■ Data segment
________________________

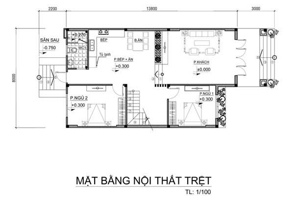 Tầng 1: phòng khách, phòng bếp + ăn, 2 phòng ngủ, toilet chung, sân sau.
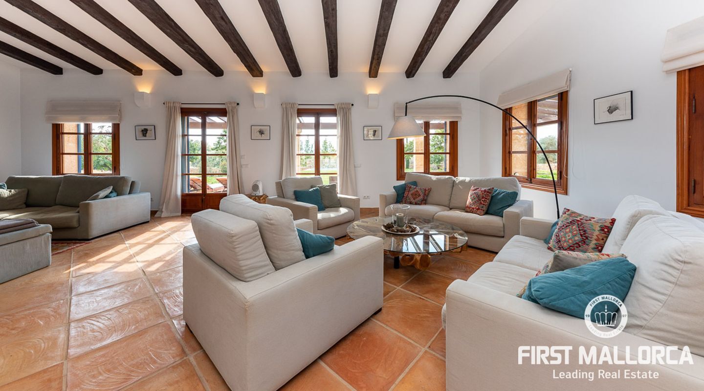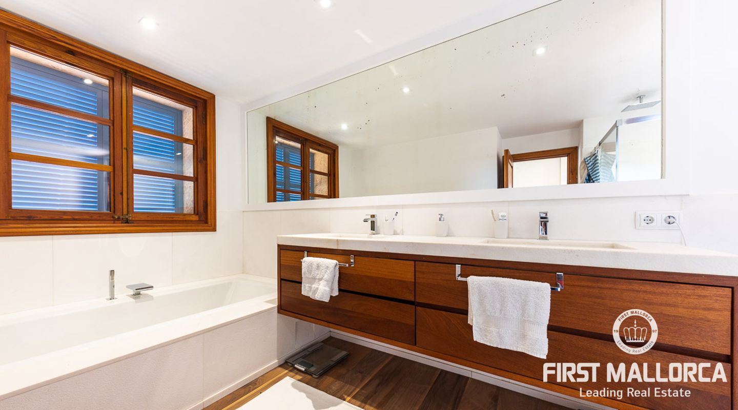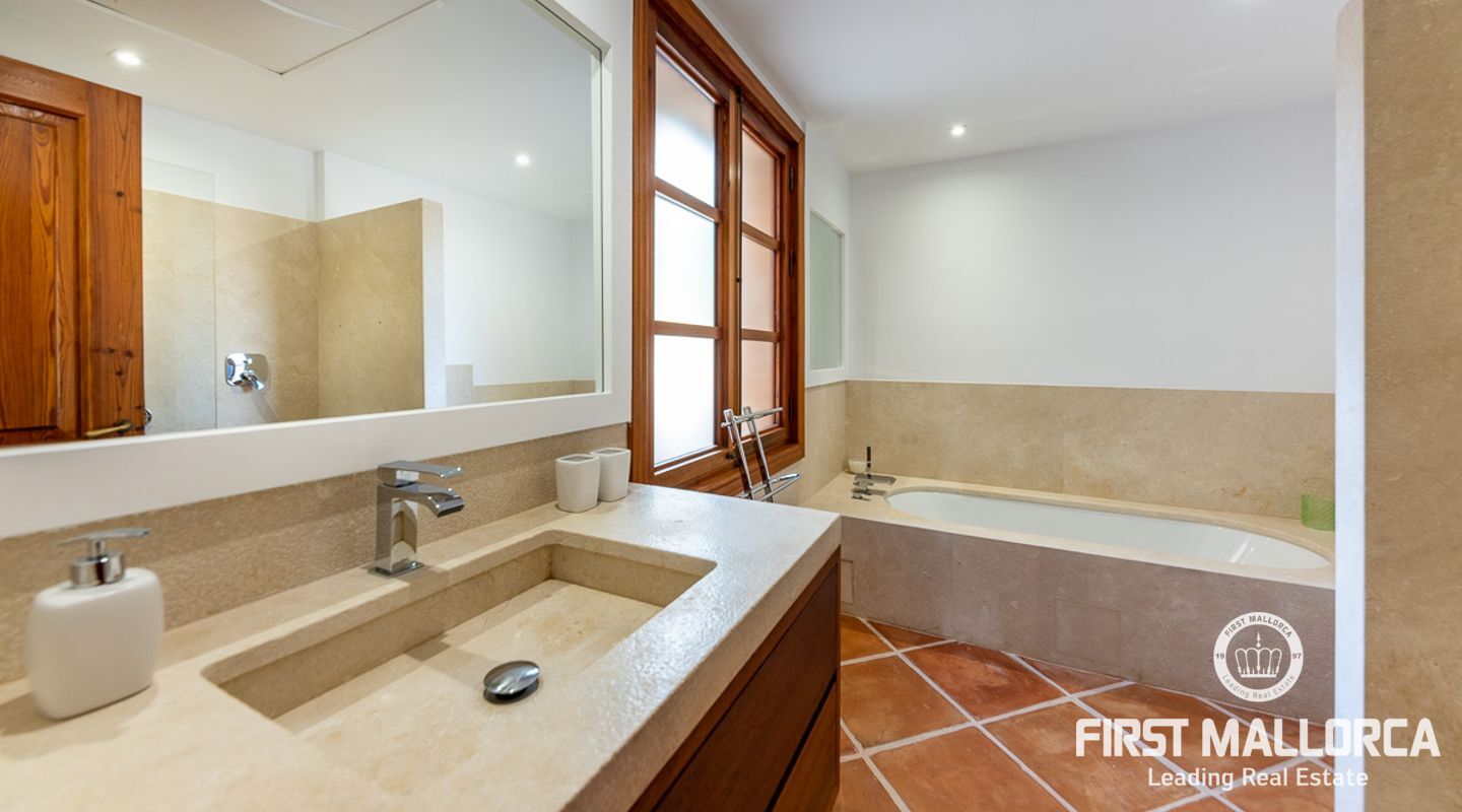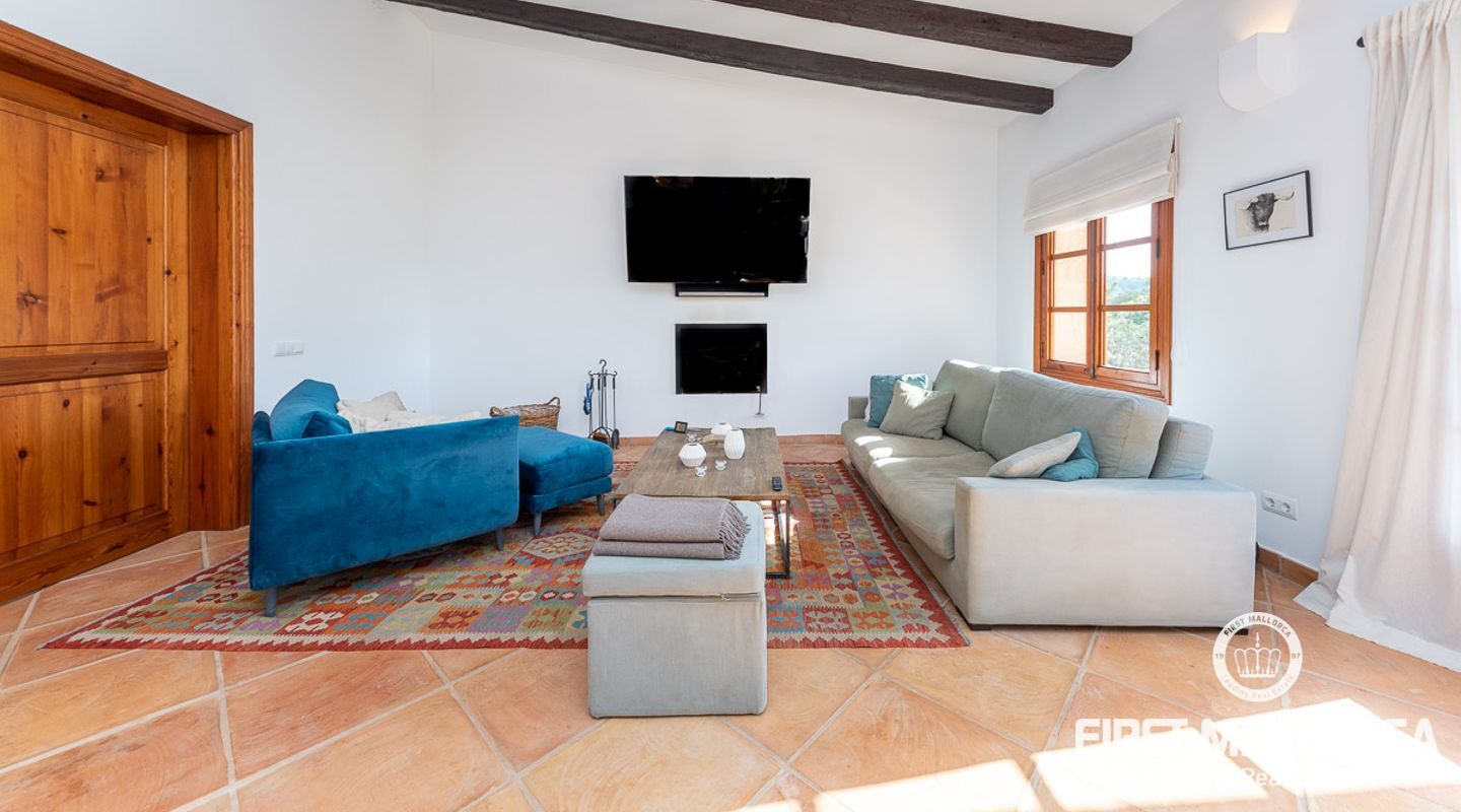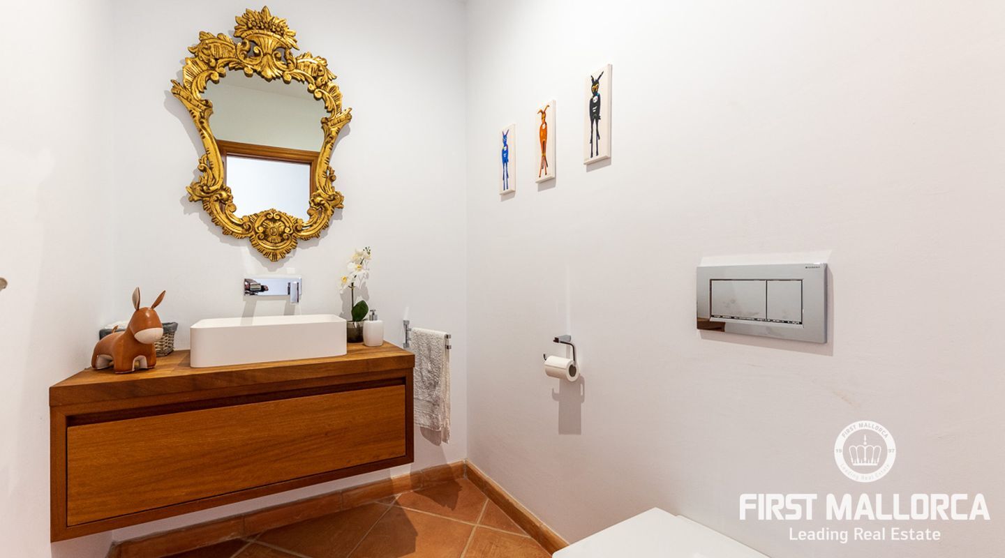This country manor is located in Alaro – a beautiful area in the center part of Mallorca, and it truly maximises on its location, with unique views of the Twin mountains. The luxury manor is built in the heart of the countryside, which allows for wide-open, uninterrupted views of rural Mallorca. Beautiful two-story house is set on the large plot of 25 657 m2 in a delightful and exclusive location nestled under the Tramuntana Mountains, declared a World Heritage site by the UNESCO in 2011. The property has a constructed area of 1014 m2 and consists of 7 bedrooms and 8 bathrooms. Outside the property, you will be able to enjoy a beautiful Mediterranean garden filled with olive trees, a private vineyard and a pool. The underfloor has an underground garage, technical rooms and it also offers a spacious basement. The property has its own well for drinking water and solar panels.
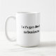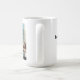Cette tasse de café en céramique est montrée avec un chaton mignon dans un cadre d'affaires imprimé avec un texte qui dit, "Mettons-nous au travail". Customiser ou acheter tel quel.
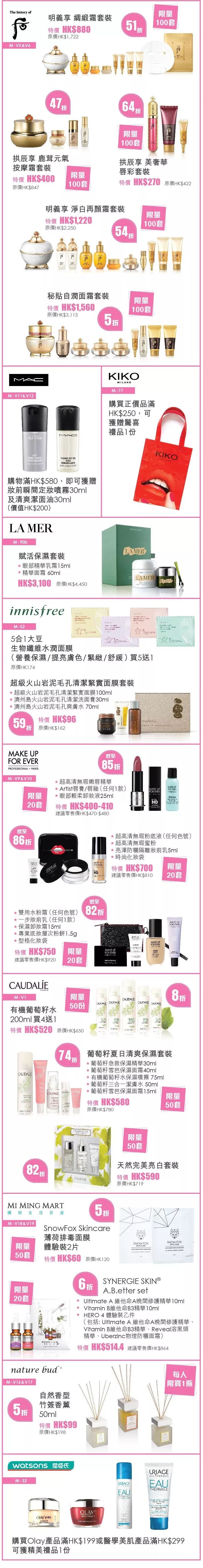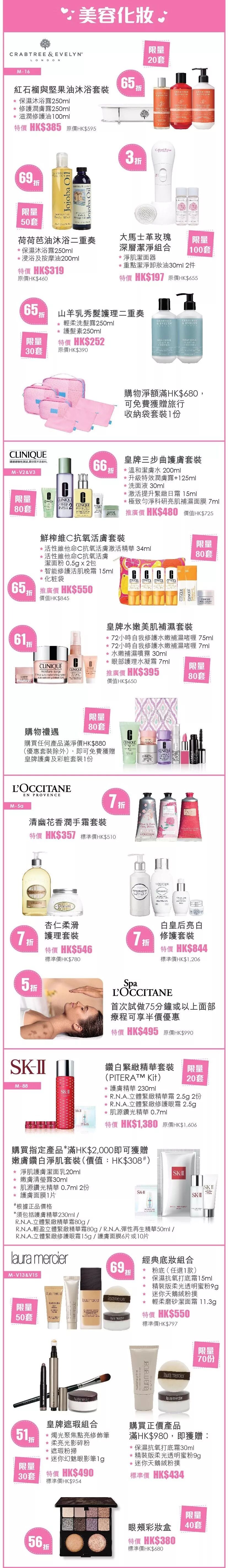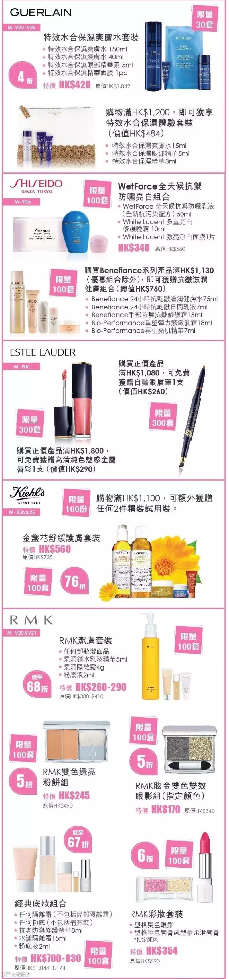 感谢周推广期间,多个美妆品牌包括LA MER、ESTÉE LAUDER、Shiseido、The History of 后、Kiehl’s、Clinique、RMK、Crabtree & Evelyn等限时推出低至1折的独家限定组合套装优惠。

________________________

■ Exercise prompt
Exact repetition of each line above is expected; images are to be omitted.

■ Result for this exercise
 Tầng 1: phòng khách, phòng bếp + ăn, 2 phòng ngủ, toilet chung, sân sau.
This country manor is located in Alaro – a beautiful area in the center part of Mallorca, and it truly maximises on its location, with unique views of the Twin mountains. The luxury manor is built in the heart of the countryside, which allows for wide-open, uninterrupted views of rural Mallorca. Beautiful two-story house is set on the large plot of 25 657 m2 in a delightful and exclusive location nestled under the Tramuntana Mountains, declared a World Heritage site by the UNESCO in 2011. The property has a constructed area of 1014 m2 and consists of 7 bedrooms and 8 bathrooms. Outside the property, you will be able to enjoy a beautiful Mediterranean garden filled with olive trees, a private vineyard and a pool. The underfloor has an underground garage, technical rooms and it also offers a spacious basement. The property has its own well for drinking water and solar panels.
Cette tasse de café en céramique est montrée avec un chaton mignon dans un cadre d'affaires imprimé avec un texte qui dit, "Mettons-nous au travail". Customiser ou acheter tel quel.
 感谢周推广期间,多个美妆品牌包括LA MER、ESTÉE LAUDER、Shiseido、The History of 后、Kiehl’s、Clinique、RMK、Crabtree & Evelyn等限时推出低至1折的独家限定组合套装优惠。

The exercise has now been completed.